My professor tried to show the following in lecture the other day: If T is a linear operator on a Hilbert space and (Tz,z) is real for every z in H, then T is bounded and self-adjoint.

Below, I use (*,*) to indicate the Hilbert space inner product.

He told us to use the identity (which I've worked out and verified)

$$(Tx,y) = (1/4)[(Tx+Ty,x+y) - (Tx-Ty,x-y) + i(Tx+iTy,x+iy) - i(Tx-iTy,x-iy)].$$

But this is also supposed to be equal to

$$(x,Ty) = \overline{(Ty,x)}.$$

Of course, this would complete the proof, since then we'd have (x,Ty) = (Tx,y).

I'm not sure how to show this. Our professor told us to "polarize" - i.e., to use the polarization identity - but I can't figure it out. The identity he gave us looks kind of like the polarization identity, but they're clearly different.

Also, we're supposed to use (Tx,x) and (Ty,y) are real for all x,y in H. But the identity above holds regardless of whether this is true! So I guess we're just supposed to use "(Tx,x) and (Ty,y) are real" when we show that identity also equals (x,Ty).

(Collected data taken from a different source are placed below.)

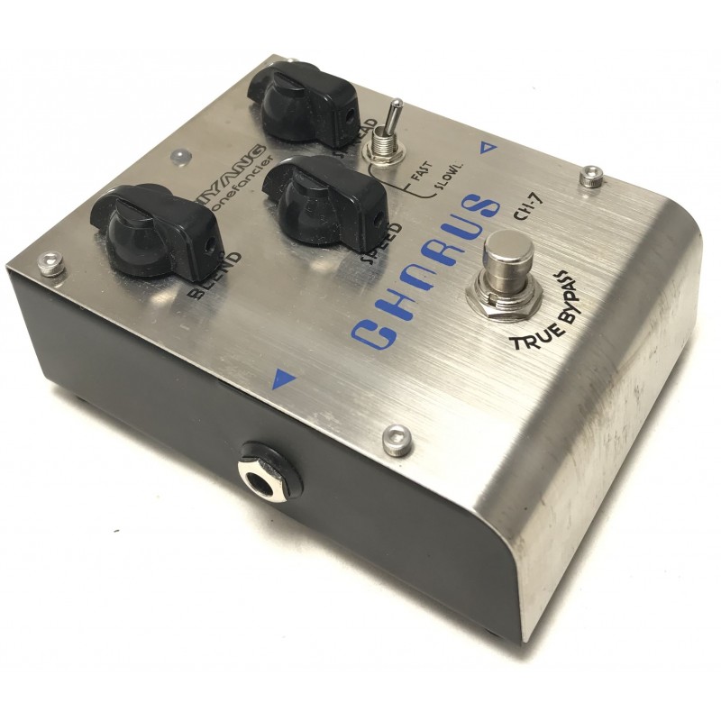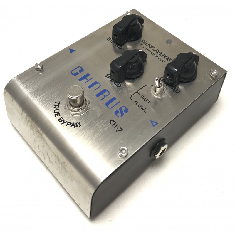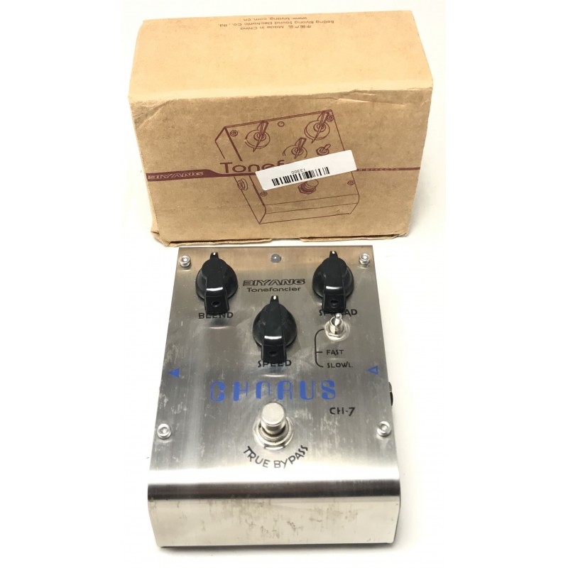 Il Biyang CH-7 è un Chorus analogico true bypass costruito con componentistica di qualità come i capacitori al germanio, implementa una doppia modalità operativa con possibilità di regolazione della larghezza dell'eeffeto e della velocità. Costruito in solido metallo con eleganti chicken pot è alimentabile con batteria o con alimentatore esterno opzionale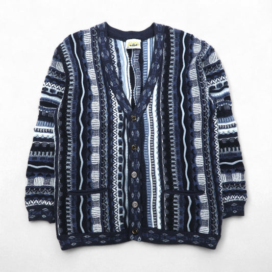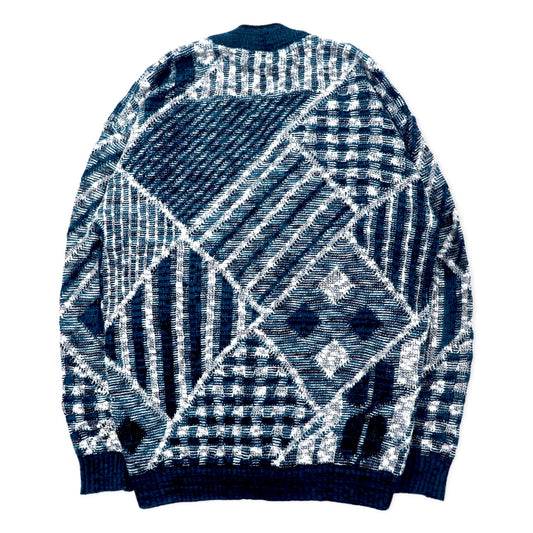 90s Italy Vintage Cardigan COLORE 90年代 ジャガード カーディガン 3D ニット XL ネイビー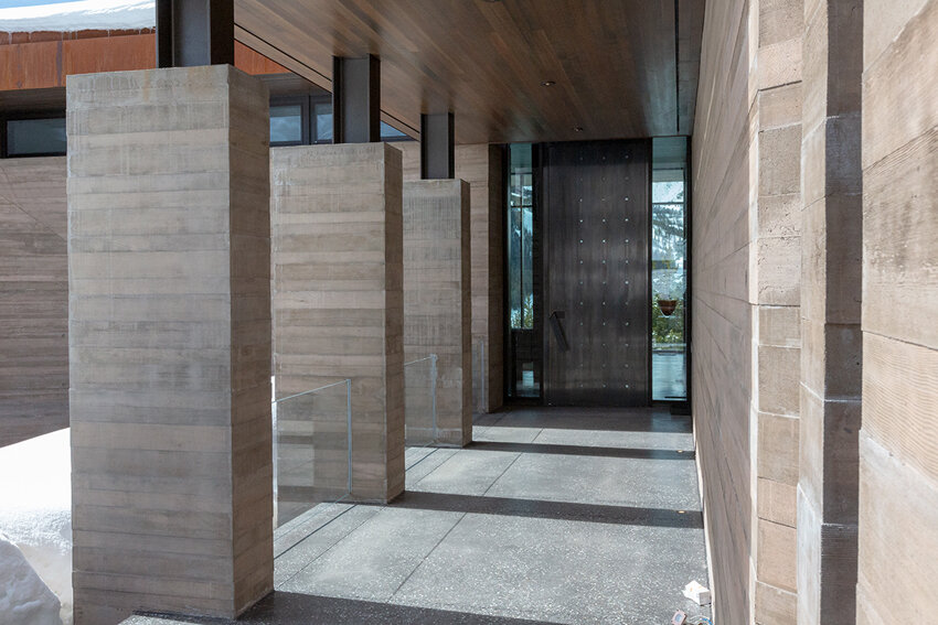 Crafted with copper, this exquisite metal door features a dark Patina finish. Furthermore, it showcases a solid curvilinear bronze bar door pull that elevates the extravagant feel of entrances.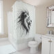 An der Wand hängt ein Löwenbild – stumm, doch kraftvoll. Sein Blick durchdringt die Stille des Raums wie ein Ruf. Digital Illustration- Schwarz-Weiß

Does anyone see what to do? Thanks!

 

[AxiomOfChoice]

UPDATE: Looking through one of my textbooks (Stein-Shakarchi's Real Analysis), I see that the identity I listed (the one with 1/4's and i's and such) is actually referred to as a polarization identity.

I'm still clueless as to where to go from here though :(

 

[AlephZero]

If (Tz,z) is real for any z in H, the four inner products in the identity are all real.

Write down the values of (Tx,y) and (Ty,x) using the identity and compare them term by term.

 

[tiny-tim]

Hi AxiomOfChoice!

In that (Tx,y) formula, swap x with y to get (Ty,x), then take the conjugate.

 

[AxiomOfChoice]

Yep! That did it! Thanks, guys! Don't know why I didn't think of that...oh yeah! I'm an idiot!